The Traefik configuration is pretty standard with nothing special. At a high level, the config instructs Helm to spin up three instances of Traefik so that we can have redundancy for load balancing HTTP/HTTPs requests in our homelab. We apply security measures by restricting the type of things the Traefik service can or cannot do.

Deploy Traefik

  1. kubectl create ns traefik
  2. helm install traefik traefik/traefik -n traefik -f traefik-values.yaml

Set FreeIPA DNS A record for Traefik

  1. Get external IP address for load balancer kubectl get svc -n traefik
  2. Log into FreeIPA
  3. Network Services > DNS > DNS Zones > <DNS Zone>
  4. Select “Add”
    1. Enter traefikfor record name
    2. Select A for record type
    3. Enter the <Traefik load balancer external IP addr> for IP address
    4. Select “Add”
  5. Open a terminal
  6. dig <Traefik FQDN> @<FreeIPA DNS server> 

Expose the Traefik dashboard with a Traefik ingress point with a signed-cert

  1. vim dashboard-ingressroute.yaml to values to match your environment
  2. kubectl apply -f dashboard-ingressroute.yaml
  3. Open a web browser to https://<traefik FQDN>/dashboard/

Where are my ports?!?!!?

Kubernetes can sometimes feel like voodoo dark magic. For example, let’s take our Traefik ingress controller which is listening for network connections on port 443. If you run kubectl get svc -n traefik you will see Traefik with a service type of LoadBalancer , a Cluster-IP of 10.152.183.244 (highlighted in green) an External-IP from your pfSense DHCP pool (10.150.100.50) and listening on ports 80 (HTTP) and 443 (HTTPS) externally (highlighted in red). Now if you run the following command: netstat tnlp | grep 443 it doesn’t return a listening service on that port 443 (screenshot below)?!?!?!
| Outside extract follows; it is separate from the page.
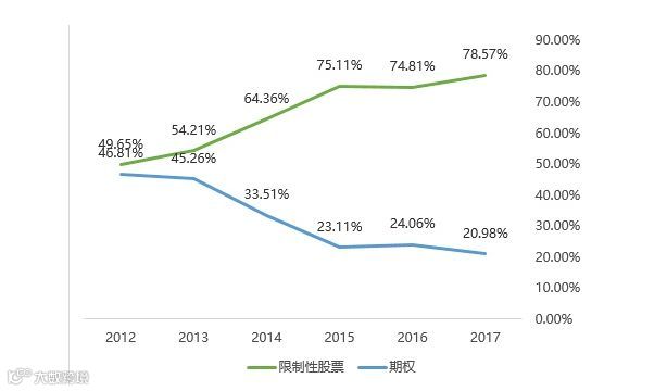 4、从2017年公告的448个方案中限制性股票方案数量达到了352例,而作为上市公司股权激励工具的另一位主力干将—期权只公告了94例占比20.98%。下面来看过去6年中公告的所有方案中限制性股票方案和期权方案的占比可以发现期权的占比不断降低,而限制性股票的占比不断提高。

Let’s take a moment to demystify this voodoo dark magic performed by Kubernetes + IPtables using the screenshot above. Strap in it’s a doozy! Kubernetes performs network routing using IPtables. The IPTables PREROUTING chain is configured to accept all incoming traffic and forward it to the KUBE-SERVICE rule/chain (first blue box). For context, the KUBE-SERVICE chain contains a list of rules for all the k8s services (svc). If we follow this chain and filter for Traefik based rules, IPtables should return two rules related to routing HTTP (KUBE-EXT-UIRTXPNS5NKAPNTY) and HTTPS (KUBE-EXT-LODJXQNF3DWSNB7B) traffic. The second blue box with the connecting dotted red line is demonstrating that we have found the corresponding IPtables rules because the destination IP address matches the service load balancers external IP address.
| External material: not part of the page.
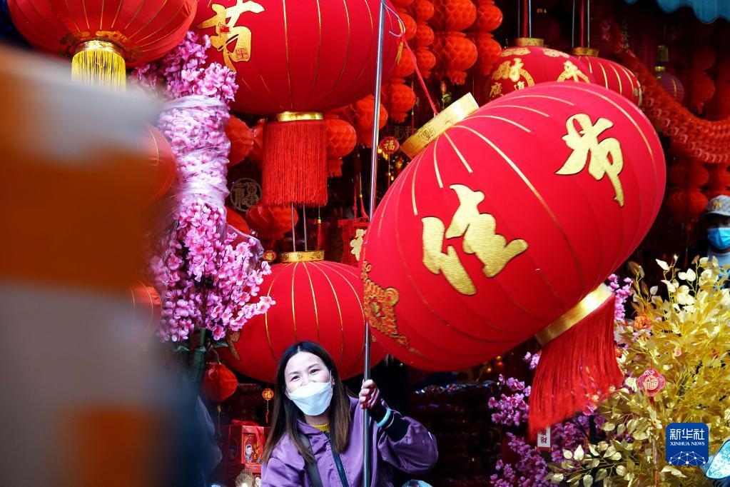 1月5日,在廣西南寧市上海路的年貨市場(chǎng),銷(xiāo)售人員在幫顧客挑選大紅燈籠。

For this example, we are going to select the HTTPS based rule (KUBE-EXT-LODJXQNF3DWSNB7B – third blue box) and follow it’s IPtable’s chain. This chain presents us with another rule (KUBE-SVC-LODJXQNF3DWSNB7B) which based on the name will point towards the k8s svc which has a cluster IP of 10.152.183.244. The end of this chain is an IPtables rule that has a destination IP address that matches our load balancer’s service ClusterIP (highlighted in green). At a high level, this rule will actually perform the load balancing by distributing the load of incoming data over the rules following it (green arrows).

The goal of this section was to demonstrate that using traditional methods of debugging could be a red herring with Kubernetes but that also those fundamentals can be useful. I know this statement contradicts itself so let me elaborate. On a traditional Linux instance, if you have a service and you are not able to access it, one debugging technique is to see if it’s listening and if so on the right port/interface. As demonstrated above, this technique can not be used and led me down a rabbit hole. However, when I finally got on the right track, my fundamental understanding of IPtables was very helpful in understanding the maze of Kuberenetes routing with IPtables.

Deploy Cyberchef

To deploy Cyberchef I created a k8s manifest file. Breaking down every attribute of this manifest is outside the scope of the blog post. However, at a high level the manifest uses all the services we deployed. First, it starts by generating a leaf certificate that is signed by the root CA used by cert-manager. Additionally, we instruct cert-manager to generate a certificate that is good for 3 months and that it should be rotated a week before it expires. We also specify the common name in the certificate for our service which in this case is cyberchef.hackinglab.kubes.

Second, we define a Traefik ingress route that will use the HTTPS and monitor for requests coming in that contain the host header cyberchef.hackinglab.kubes. If a request coming into Traefik contains this host header it will forward the request to the cyberchef k8s service. Lastly, we define a k8s service + pod resource that work together to run the cyberchef application and to ensure that at least one instance is always running.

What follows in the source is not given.